Posted on 03 April 2010. By Marissa Maier

According to James Crew, developer of T.R.A.I.L.S., a software that teaches, restores and archives indigenous languages, Wickham Cuffee was the last Shinnecock Indian Nation member to fluently speak the native language. Cuffee passed away in 1925. But the Shinnecock language wasn’t buried along with him. Though it has lain dormant for many decades, now a team of eight Native Americans, mainly comprised of members of the Southampton-based Shinnecock and Mastic-based Unkechaug nations, hope to wake this sleeping language giant through the revitalization of the Northeastern dialect of Algonquin, the language of the Shinnecock’s ancestors.

On Tuesday afternoon, the committee, which formed in August under the auspices of the Shinnecock Nation Cultural Enrichment Program, met in the basement of the Indian Education Program building on the reservation. The members swapped information about computer keyboards specially tailored to Native American languages and discussed the search for funding to host linguistic speakers at the Shinnecock reservation. For the past six months, this committee has vetted nearly every aspect of the emerging language education program — from the proper pronunciation of words to researching the best way to teach the Shinnecock language.
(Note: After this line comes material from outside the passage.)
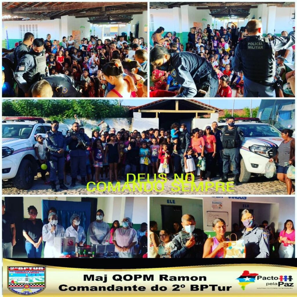 Policiais Militares da 4° cia do 2° BPTur juntamente com a Igreja de Deus El Shaday realizam Natal Solidário no Povoado Carnaubeiras, onde foram realizados atendimentos com profissionais na área da saúde, doações de cestas básicas, atividades com crianças e distribuição de brinquedos trazendo alegria e satisfação a comunidade local, e aproximando ainda mais a sociedade da Polícia Militar.
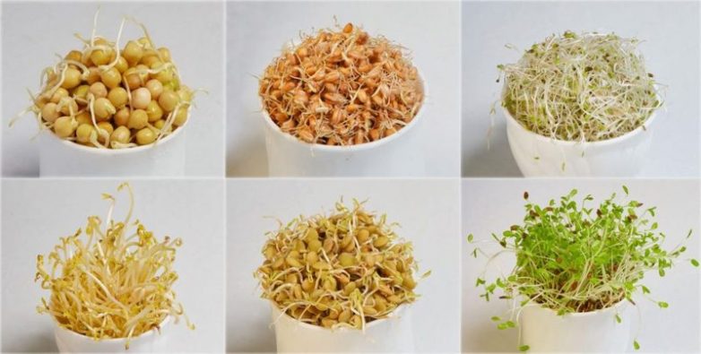 Пророщенные ростки: При проращивании улучшается качество белка и содержание волокон в бобах, орехах, семенах и зернах; в пророщенных семенах подсолнечника содержатся одни из самых высококачественных белков, которые вы можете съесть, а также обилие железа и хлорофилла; также хорошими источниками являются пророщенная полба, конопля, лебеда и фасоль;

“These efforts have been many years in the making,” noted Josephine Smith, the cultural enrichment and language program coordinator. She pointed out that the committee’s efforts are piggybacking on a number of projects. Committee member Tina Tarrant added that in 1990, she and several others started a three-year project with grant monies. The group, she noted, combed through historical documents, hoping to help piece together the full Shinnecock language. Smith explains that though the Shinnecock language isn’t dead, it isn’t spoken with the same level of fluency as it once was.